JAMMU: Amid conflicting reports about the move on Article 35-A, the government is mulling implementing some recommendations of the Wadhawa Committee to mitigate the plight of West Pakistani Refugees (WPRs) — struggling since 1947 to get basic human rights.



Dinesh Manhotra 

Tribune News Service 

Jammu, June 14 

Amid conflicting reports about the move on Article 35-A, the government is mulling implementing some recommendations of the Wadhawa Committee to mitigate the plight of West Pakistani Refugees (WPRs) — struggling since 1947 to get basic human rights. 

As the BJP had reiterated its promise to solve problems of WPRs during the recently held Lok Sabha elections, implementing recommendations of the Wadhwa panel would resolve problems of these refugees once and for all, without waiting for the court’s verdict on Article 35-A.

Sources said during a meeting with representatives of the Union Government, leaders of WPRs had suggested implementing some suggestions of the panel. “Government’s representatives have assured implementation of some recommendations of the panel to solve our problems to some extent,” a refugee leader said. 

Headed by the then Financial Commissioner (Revenue) GD Wadhwa, a committee was constituted in May 2006 to look into the problems of 1947, 1965 and 1971 refugees from the Pakistan occupied Kashmir (PoK) and West Pakistan.

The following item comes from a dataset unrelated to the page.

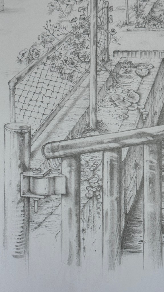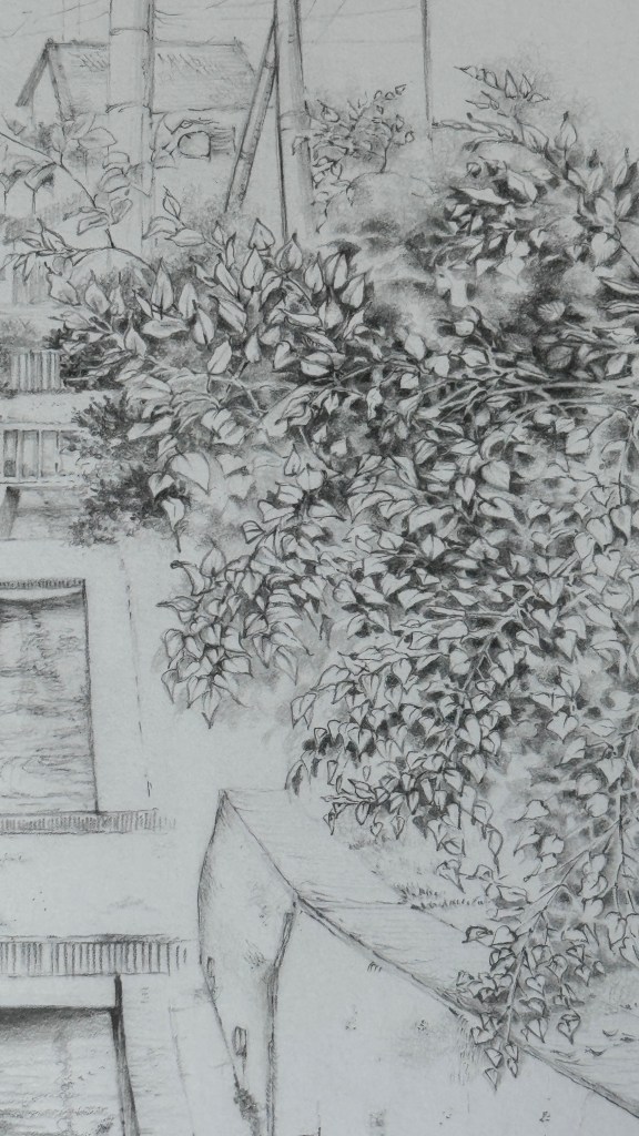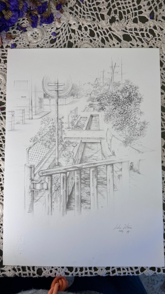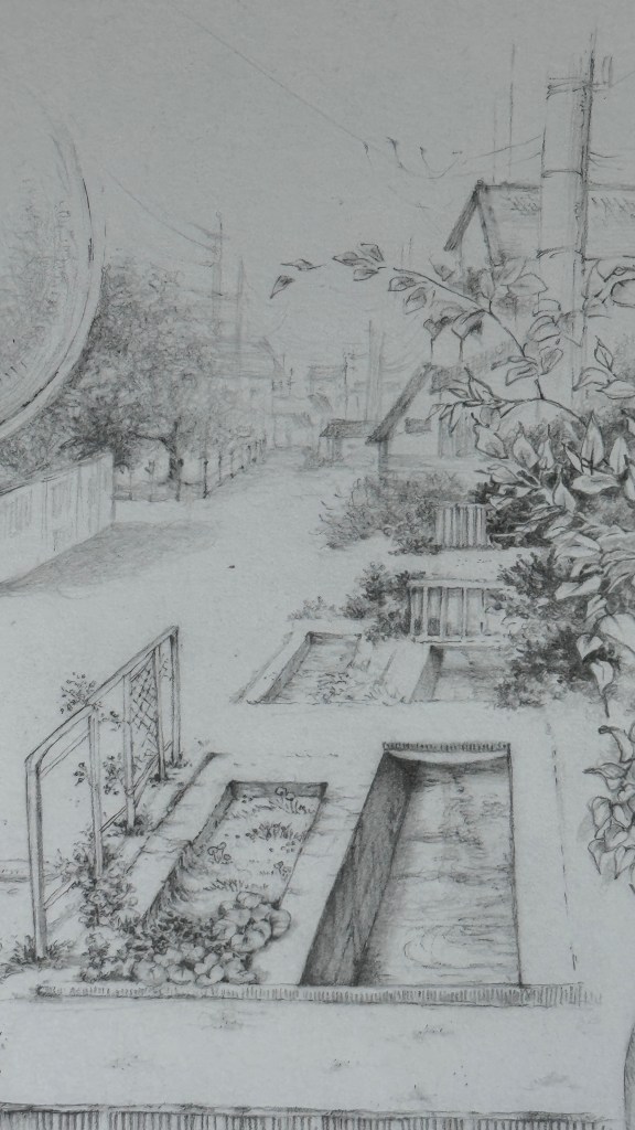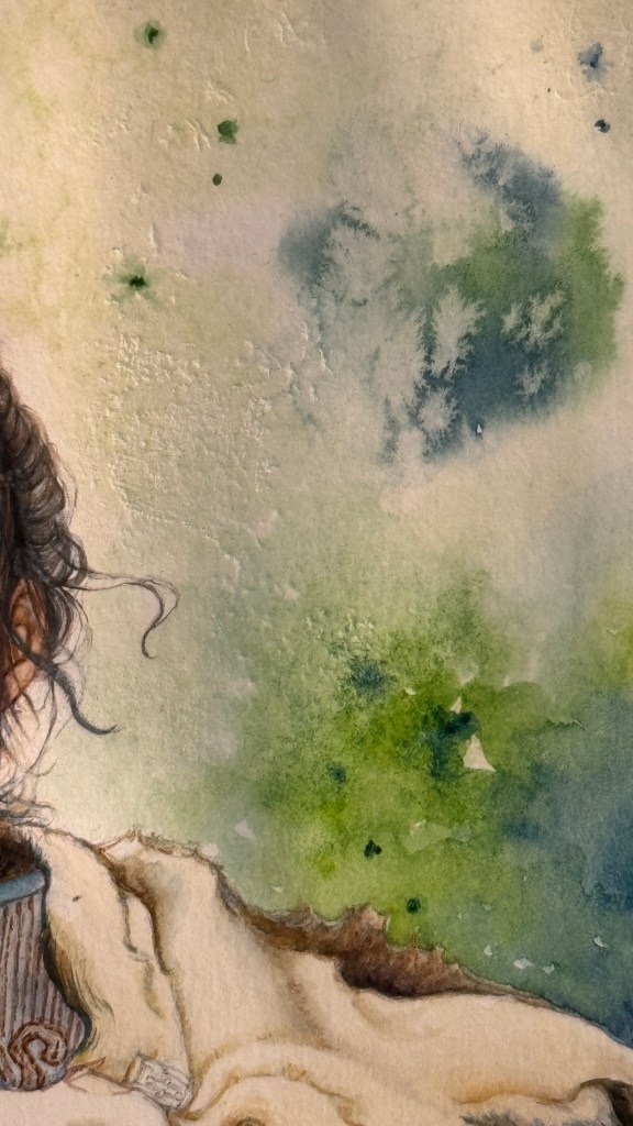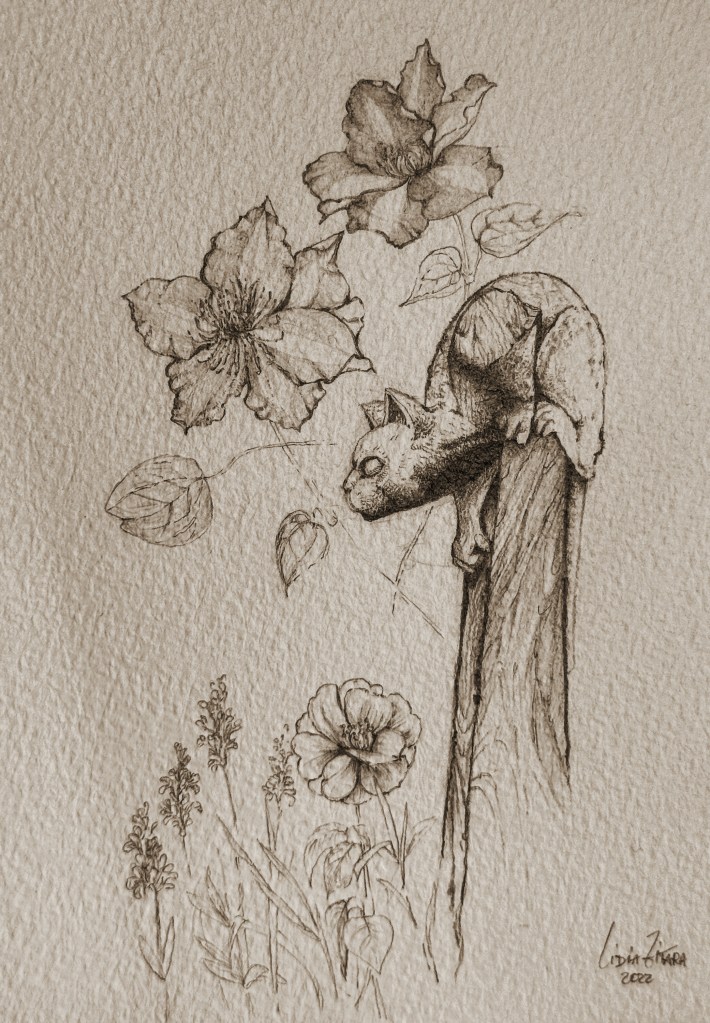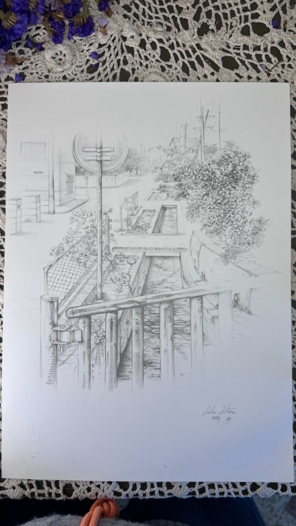 Ecco qualche dettaglio, e ancora più in basso l’originale a matita fatto nel 2022 e una versione “seppiata” attraverso Photoshop (ancora non so farlo con Clip Studio Paint).

The panel had submitted its report to the government on November 29, 2008, but the document is gathering dust for the last nearly 11 years.

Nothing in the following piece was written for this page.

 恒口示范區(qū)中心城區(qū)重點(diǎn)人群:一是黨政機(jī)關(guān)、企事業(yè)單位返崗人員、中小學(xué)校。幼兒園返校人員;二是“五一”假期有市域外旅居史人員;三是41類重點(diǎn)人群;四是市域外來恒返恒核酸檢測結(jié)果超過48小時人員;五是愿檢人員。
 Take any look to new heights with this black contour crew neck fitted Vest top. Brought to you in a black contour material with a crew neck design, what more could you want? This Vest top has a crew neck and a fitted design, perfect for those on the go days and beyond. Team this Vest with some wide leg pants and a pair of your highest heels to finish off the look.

Although the panel’s report was never made public, it is believed that the committee had recommended citizenship rights for WPRs, a majority of them Dalits and OBCs, besides giving them voting rights for assembly, urban local bodies and panchayat elections. 

Successive governments in the state, including previous coalition regime in which BJP was equal partner, have repeatedly stated that recommendations were under considerations.

Notably, for the last 11 years, successive state governments are taking guidance from the Department of Law, Justice and Parliamentary Affairs on the report of the Wadhwa panel. 

A joint parliamentary committee, including 10 members from the Rajya Sabha, had also recommended implementation of the reports of the panel in 2015.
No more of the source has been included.